Playing with NYJOS gave Carmichael easy access to the jamming sessions that were taking place in and around the Royal Conservatoire of Scotland in Glasgow and eventually he auditioned and was accepted onto the jazz course there.

His course leader, the internationally recognised saxophonist Tommy Smith promptly invited Carmichael to join his youth jazz orchestra and has since gone on record as saying that Carmichael “is better than I was at his age.”

Matt Carmichael

Once enrolled at the RCS, Carmichael took Fergus McCreadie up on his suggestion that they play together more. He invited the pianist to join his quartet, along with bassist Ali Watson and drummer Tom Potter, and the group is now an established unit.

“I wanted to have a band that kept a stable line-up because that’s the best way to develop the music,” he says, adding that as a saxophonist the onus is on you to form a band and look for work whereas drummers and bass players get asked to play.

He’s certainly gone about the bandleader’s job diligently. Before the pandemic brought live music to a halt his quartet had already toured the UK and played London venues including the hallowed Ronnie Scott’s club in Soho.

Scottish quality

Carmichael’s own music, like that of McCreadie, has a very Scottish quality.

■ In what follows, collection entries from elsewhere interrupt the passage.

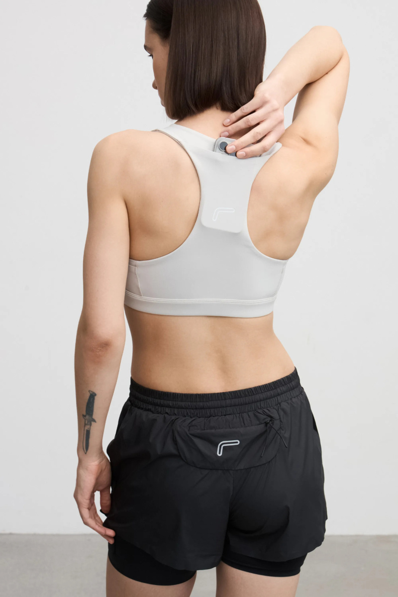 Бра для бега. Модель со средней степенью поддержки из мягкой эластичной ткани в анатомическом крое. Эффективно выводит лишнюю влагу и сохраняет свободу движений. Три кармана — два по бокам и один сзади — позволяют взять на пробежку спортивное питание и телефон.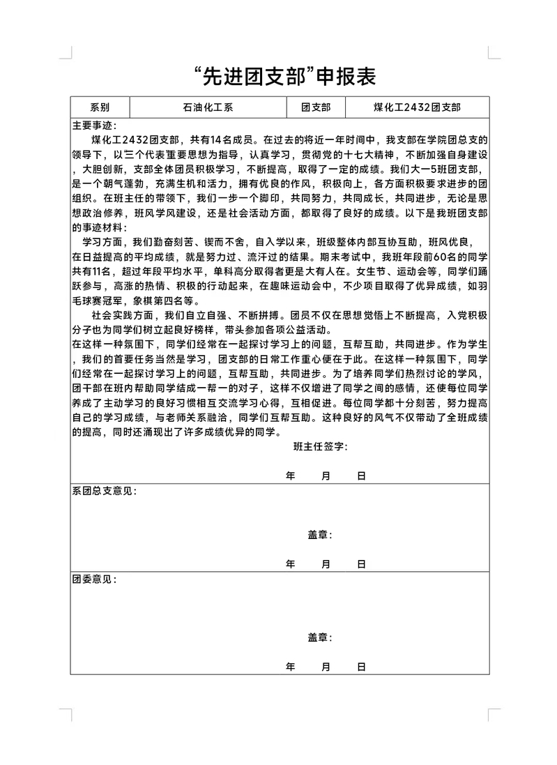 石油化工系优秀团支部(十)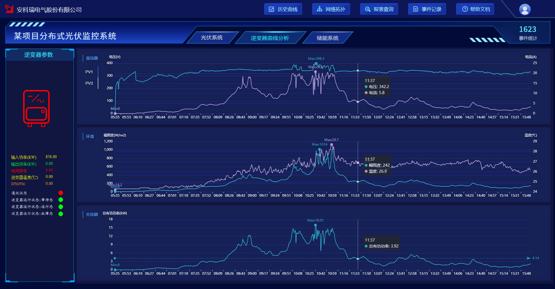结合先进的数据处理技术,平台能快速识别各类异常情况并及时发出预警▽,将安全风险扼杀在萌芽状态•▲,让电站管理从“被动应对”转向“主动预防”。

Both musicians listen to traditional music, although Carmichael cites Irish musicians such as Caoimhín Ó Raghallaigh, the hardanger fiddle player who plays alongside the revered County Clare fiddler Martin Hayes in folk supergroup the Gloaming, as favourites as much as Scottish players.

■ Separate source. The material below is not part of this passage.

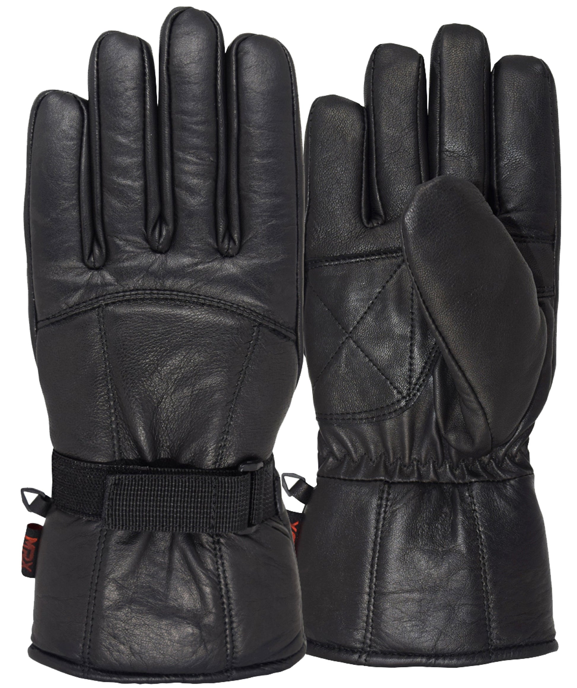 Mens Warm Winter Cold Weather Glove Leather Motorcycle Gloves Thermal Linning
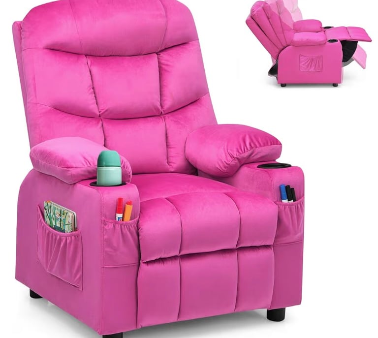 The Costzon Kids Velvet Recliner Chair is the ultimate mix of comfort and style for your little one’s room. Wrapped in soft velvet fabric with an adjustable backrest, built-in footrest, and cup holder, it offers a cozy spot for reading, watching TV, or relaxing. The side pockets are perfect for keeping books or toys close by. Designed with ergonomic support and durable construction, it’s a thoughtful and adorable gift for any child’s bedroom.

“I think Fergus sees his music as folk music played with jazz attitude and technique,” he says.

“He certainly captures the landscape in his compositions and that’s what I try to do too. “When I wrote The Spey, Firth and Cononbridge, which are all tunes on Where Will the River Flow, I was thinking of these places where I spent the early part of my life. I haven’t lived there for quite a few years now but I still have a strong feeling for that area.”

Erasmus

Before the pandemic forced him to return to Glasgow, Carmichael was studying in Oslo on an Erasmus exchange from the Royal Conservatoire of Scotland and the Nordic influence can be heard in another track on his album, Sognsvann.

He graduates from the RCS this summer and is already planning his second album.

“It was a real pity that the Erasmus exchange had to end,” he says.

“I really enjoyed Oslo – Sognsvann is named after a lake just outside the city with a lovely, peaceful atmosphere.

“When we’re allowed to go out and play concerts again, it would be great to take that tune to Norway. Right now, though, I’d love just to go out with the quartet and play the music from the album anywhere.”